A estória, em forma de desenho animado, chama-se “Procurando Nemo” da Disney Pixar Studios, conta a saga de um pai “peixe palhaço” que sai à procura de seu filho, capturado por um mergulhador e levado para um aquário em Sidney na Austrália.

No início o pai e a mãe conversam sobre as quatrocentas ovas que irão chocar, olhando para o lugar que escolheram para morar e criar os filhotes. De repente, aparece um predador e come a mãe peixe e todas as ovas, menos uma,  o peixe de nome Nemo. Esse peixe, o único que restou da ninhada começa a ser cuidado pelo pai, super protetor, que protela a sua entrada no mundo do fundo do mar. Como se não bastasse, este filho tem uma nadadeira defeituosa, o que acentua ainda mais a proteção do pai. Após sua entrada na escola, o pai descobre que os alunos irão perto do paredão, limite em direção ao alto mar. Segue assim em direção a este lugar onde então seu filho o desobedece e cai na rede do mergulhador. A partir daí inicia-se a procura deste pai pelo filho, onde encontra um peixe-fêmea que se mostra desmemoriada, desorientada, porém pertinaz, abrindo caminho às vezes desconhecidos, às vezes perigosos.

A leitura que faço destes dois personagens se compara à postulação de Sigmund Freud no que se refere ao princípio do prazer e ao princípio da realidade. O princípio do prazer reina no inconsciente, garante a vivência de satisfação, os sonhos, está no registro do desreal e ligado às pulsões sexuais. O princípio da realidade domina o consciente, garante a obtenção no real das satisfações e está ligado à auto-conservação. São os dois princípios de funcionamento do aparelho psíquico; a passagem do princípio de prazer para o princípio de realidade não faz suprir o primeiro. Representam o dualismo pulsional e o conflito entre o ID e o EGO. O princípio do prazer não tem memória, o princípio de realidade só tem objetivo; embora antagônicos, caminham juntos, emparelhados e um só se reconhece no outro e vice-versa.

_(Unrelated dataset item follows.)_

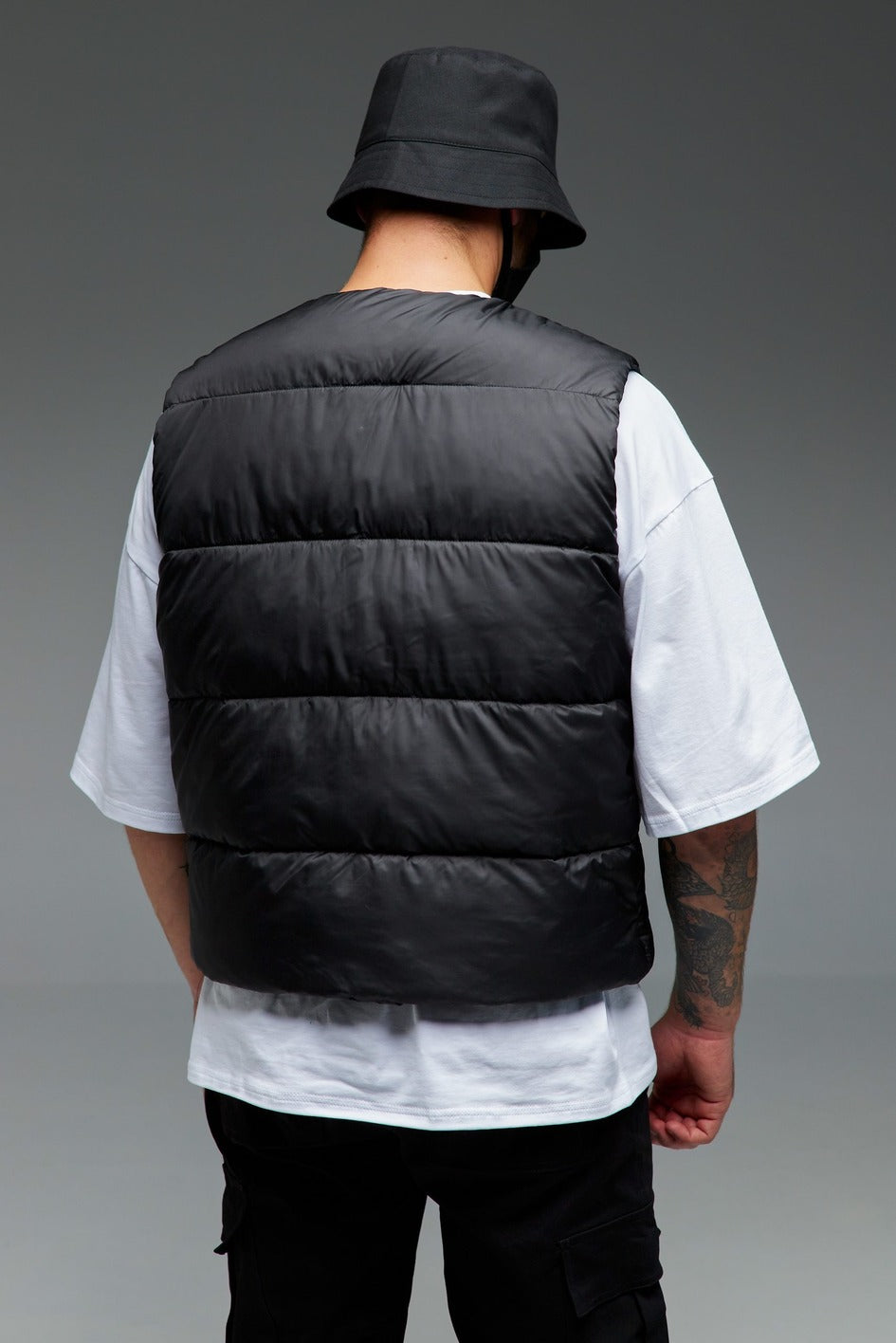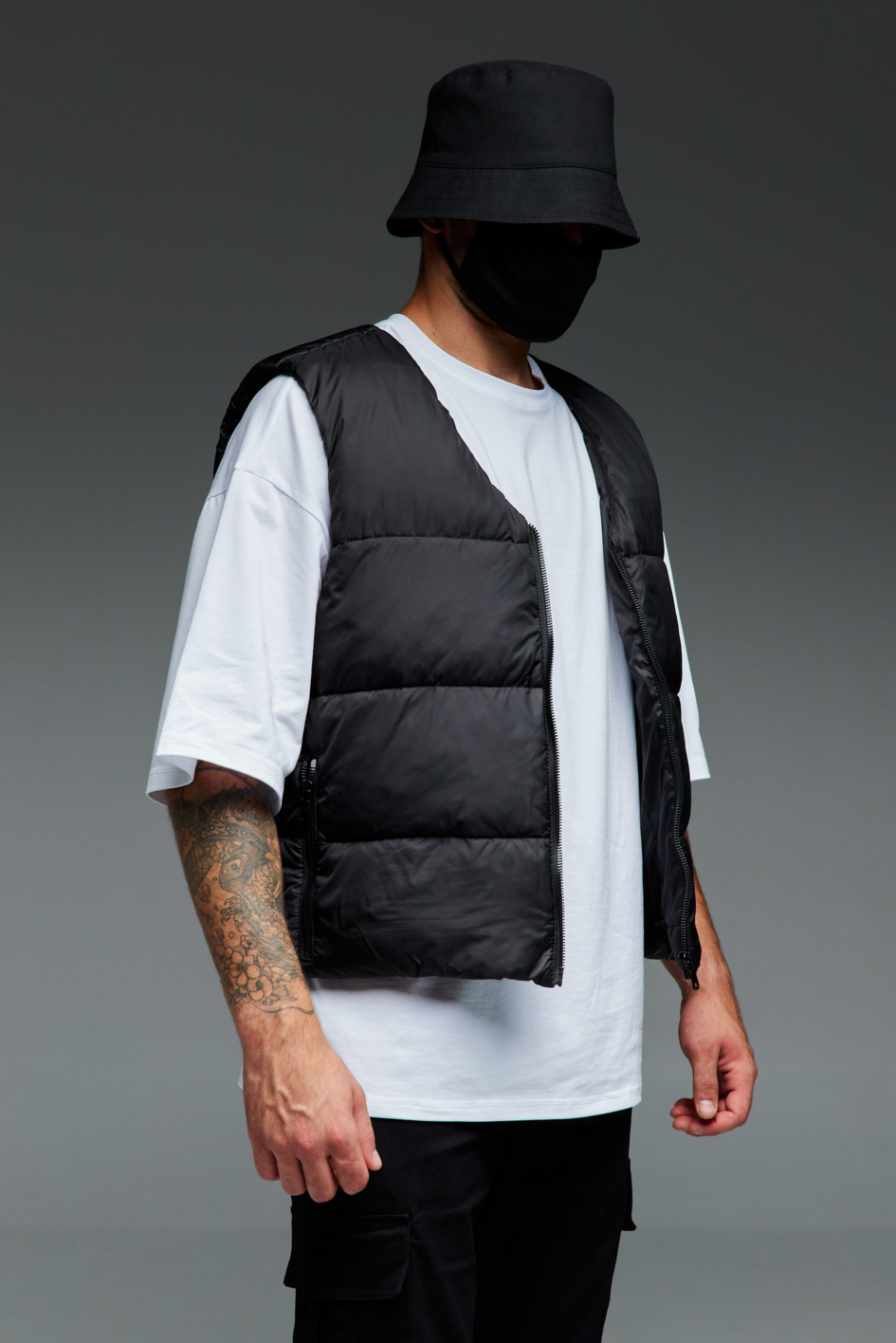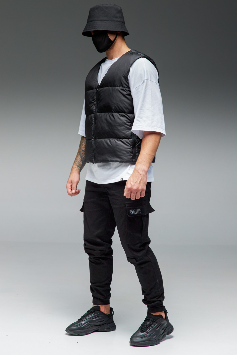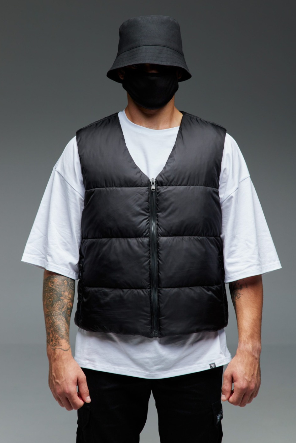 Weste in Einheitsgröße mit hohem Kragen, vorne mit Reißverschluss. An den Seiten befinden sich Reißverschlusstaschen. Innen eine zusätzliche Reißverschlusstasche. Am unteren Saum befindet sich ein Gummizug mit Kordelstoppern für bessere Anpassung.

O pai – princípio de realidade – quer encontrar o filho a todo custo, às vezes atabalhoadamente, mas com persistência, obstinação e até mau-humor. O peixe-fêmea – princípio de prazer – também quer encontrar Nemo, mas não tem orientação nem física nem temporal e nem espacial – simplesmente arrisca. O pai, chamado Marlim, procura o único filho que lhe resta e não tem indícios para onde ele foi. O peixe-fêmea, chamado Dori, sofre de perda de memória recente e não consegue se lembrar de nada, mas acompanha o pai na busca desenfreada pelo filho. Os dois juntos se completam inusitadamente (ambos são necessários, embora às vezes contraditórios) e vão percorrendo os perigos dos mares, que são muitos, conseguindo atravessar os oceanos e paradoxalmente encontrar os caminhos que os levem até um aquário em um consultório dentário em Sidney, onde está o filho capturado pelo mergulhador. Uma tarefa que parecia impossível consegue se concretizar com os esforços de ambos, que lutam para encontrar o filho Nemo. A estória, divertida, atraente, consegue prender a atenção tanto de adultos como de crianças, não deixando de ter pontos trágicos, adversos, perdas, mas também contemporizando a dualidade existente em todos os processos da vida.

Bibliografia:

-         Vocabulário de psicanálise: J. Laplanche – B.Pontalis 5ª edição.

-         Procurando Nemo – Disney/pixar.